As I think, to use it: I have a list, and each item in this list can someday do something with it. While this happens, I would like the tweened animation to rotate in the same way as the undefined ProgressBar. Since there may also be several such elements on the screen, I thought that if they all shared the same Drawable, they would only need one instance from it in memory, and their animation would be synchronized so that you did not have a bunch of rotating objects at different points in a rotating animation.

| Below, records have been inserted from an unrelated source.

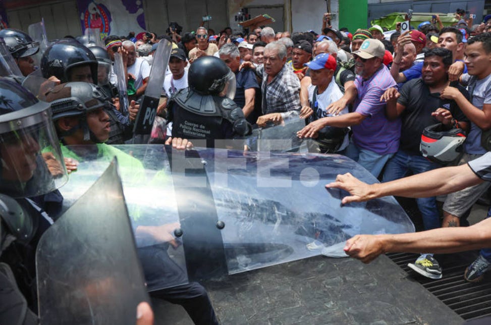 -EFE: La Policía bloquea una marcha de trabajadores que intenta llegar a la sede de Gobierno de Venezuela.
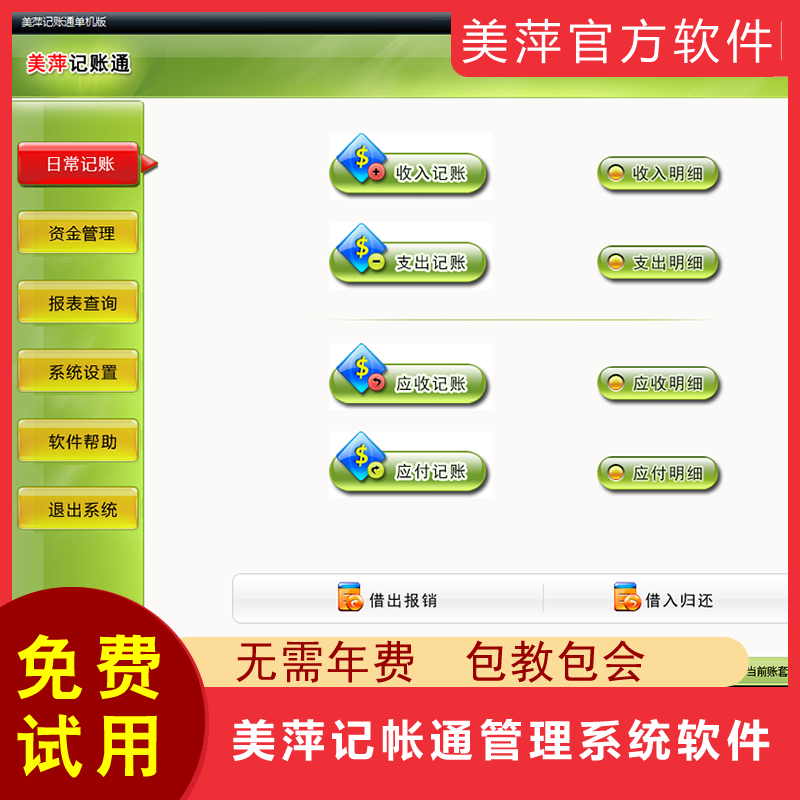 美萍记帐通管理软件 财务应收应付款 会计收入支出流水做账务简单
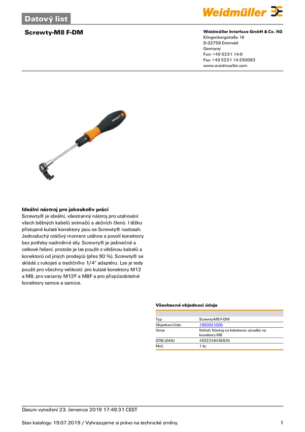 Przyrząd do wypinania kabli Weidmüller SCREWTY-M8 F-DM 1900031000 1 szt.
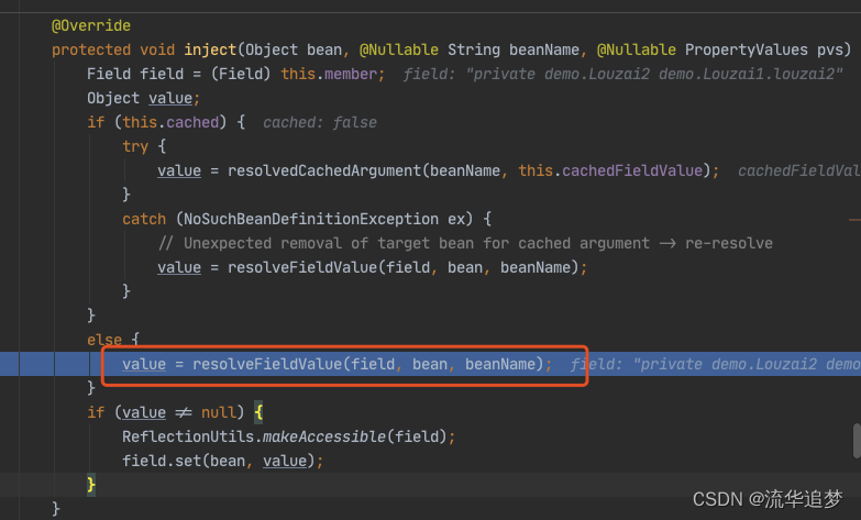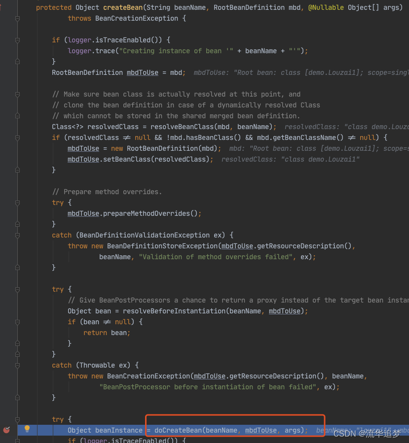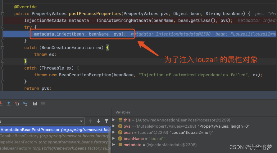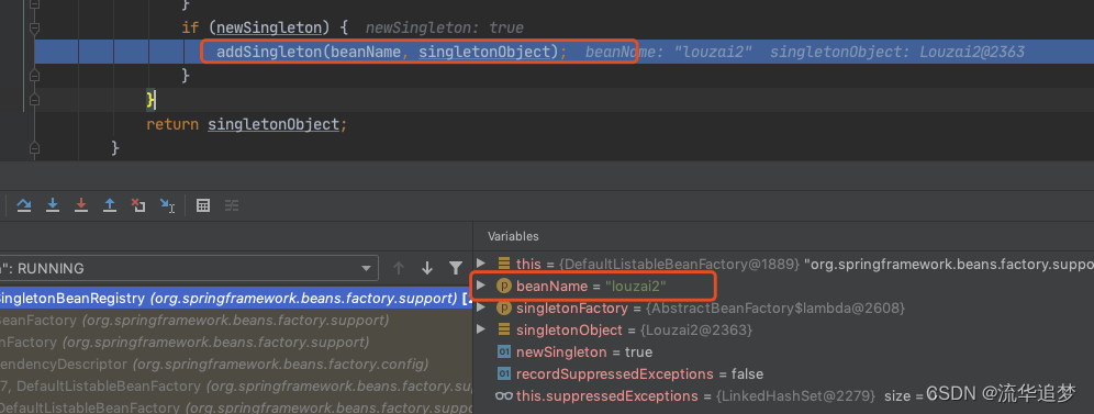 这里需要多跑几次,把前面的 beanName 跳过去,只看 louzai1。
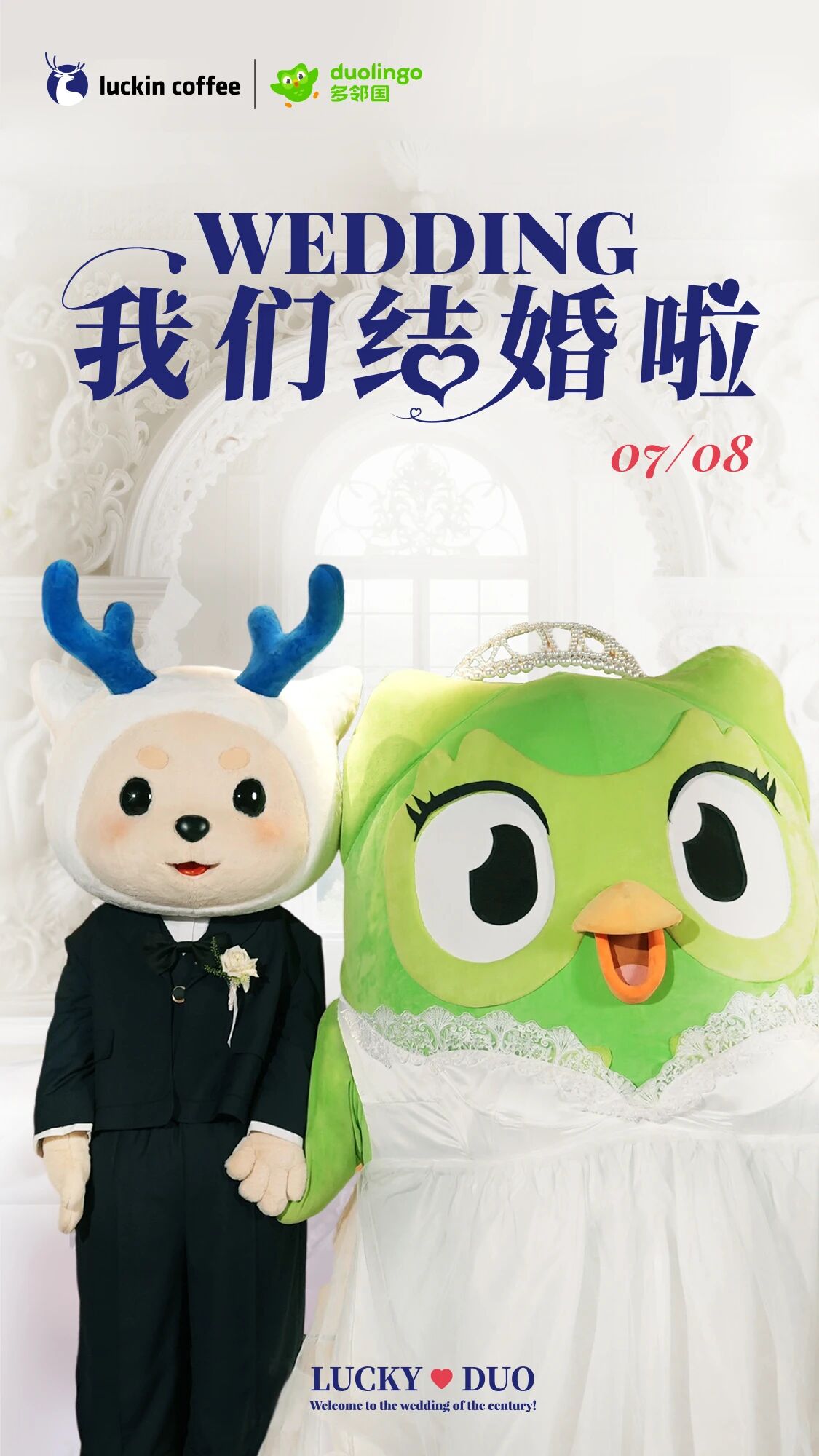 瑞幸将品牌以拟人化的方式与多邻国组合成新婚CP,邀请大众参与这场“世纪婚礼”,和大家玩在一起,也展现出瑞幸鲜活且擅长玩梗的品牌人设。不得不说一句:瑞幸真会玩。

I am not attached to this approach. I'm just trying to think of the most efficient way to display multiple motion tween animations and ideally synchronize them so that they are consistent in appearance.

thanks

In response to Sybiam's answer:

I tried to implement RotateDrawable, but it does not rotate.

Here is my xml for drawing so far:

<?xml version="1.0" encoding="utf-8"?> <rotate xmlns:android="http://schemas.android.com/apk/res/android" android:drawable="@drawable/my_drawable_to_rotate" android:fromDegrees="0" android:toDegrees="360" android:pivotX="50%" android:pivotY="50%" android:duration="800" android:visible="true" /> 

I tried using this drawing as src and background ImageView, and in both cases a non-rotating image was created.

Is there something that should start the rotation of the image?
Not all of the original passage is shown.